K/L/PD juga dapat melakukan kerja sama/ kemitraan dengan kementerian ketenagakerjaan maupun dinas ketenagakerjaan yang ada di daerah untuk dapat memberikan pelatihan-pelatihan kepada pegawai non-ASN/ tenaga honorer yang selama ini sudah mengabdi di instansi pemerintah, untuk dapat disalurkan ke BUMN/ BUMD maupun perusahaan swasta yang membutuhkan.

Langkah Strategis Pemerintah Pusat

Pemerintah pusat perlu melakukan sejumlah langkah strartegis, yakni, pertama, merevisi PP Nomor 49/ 2018 terkait batas waktu penghapusan pegawai non ASN/ tenaga honorer. Untuk Kementerian dan Lembaga, penghapusan pegawai non ASN/ tenaga honorer tetap dilaksanakan sesuai jadwal semula, yakni sampai dengan 28 November 2023, tetapi untuk pemerintah daerah (provinsi/ kabupaten/ kota), penghapusan pegawai non ASN/ tenaga honorer perlu ditambah dua tahun lagi menjadi 28 November 2025. Diharapkan dengan tambahan waktu dia tahun tersebut, pemerintah daerah dapat menata pegawai non ASN/ tenaga honorer di daerah.

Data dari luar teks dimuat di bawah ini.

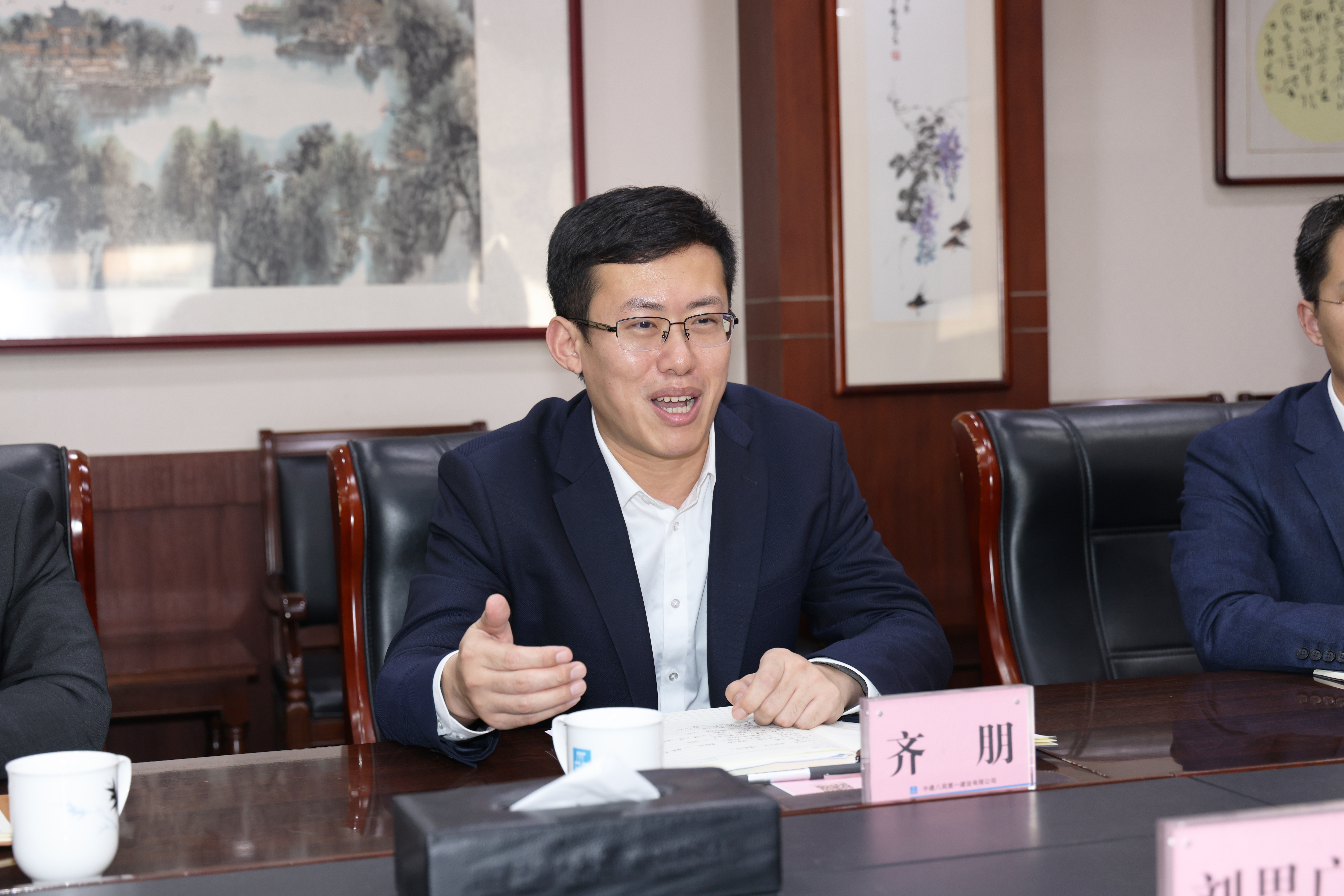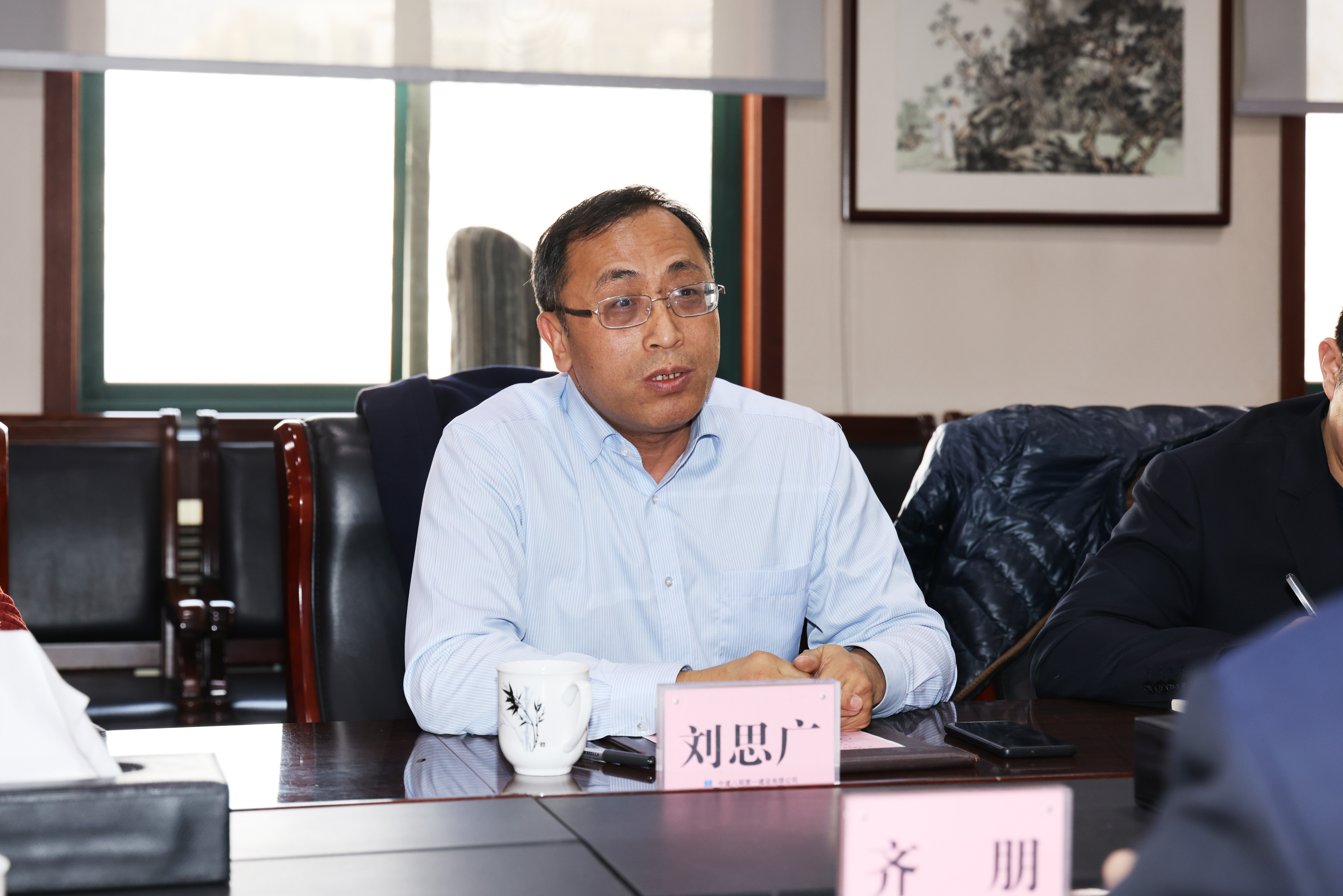 齊朋對劉思廣一行的到來表示熱烈歡迎,對歷下控股集團一直以來的支持表示感謝,介紹了公司的基本情況。他指出,公司作為深耕山東市場多年的建筑央企,與歷下控股集團建立了良好的合作關系,建造了一大批地標性工程,公司將繼續發揚鐵軍精神,強化資源保障,保質保量完成建設任務。希望雙方能夠強化互信合作,為濟南市“打造四個中心,建設現代泉城”的戰略規劃貢獻力量。

Kedua, pemerintah menyiapkan tambahan alokasi anggaran untuk pengadaan CPPPK pada instansi pemerintah dengan memanfaatkan masa transisi lima tahun untuk melakukan penyesuaian besaran persentase belanja terhadap APBD sesuai UU Nomor 1 Tahun 2022 tentang Hubungan Keuangan antara Pusat dan Daerah (HKPD). Masa transisi tersebut dapat digunakan oleh pemerintah daerah untuk penataan SDM, termasuk di dalamnya pengadaan CPPPK, dengan tetap memegang teguh prinsip efisiensi dan efektivitas organisasi.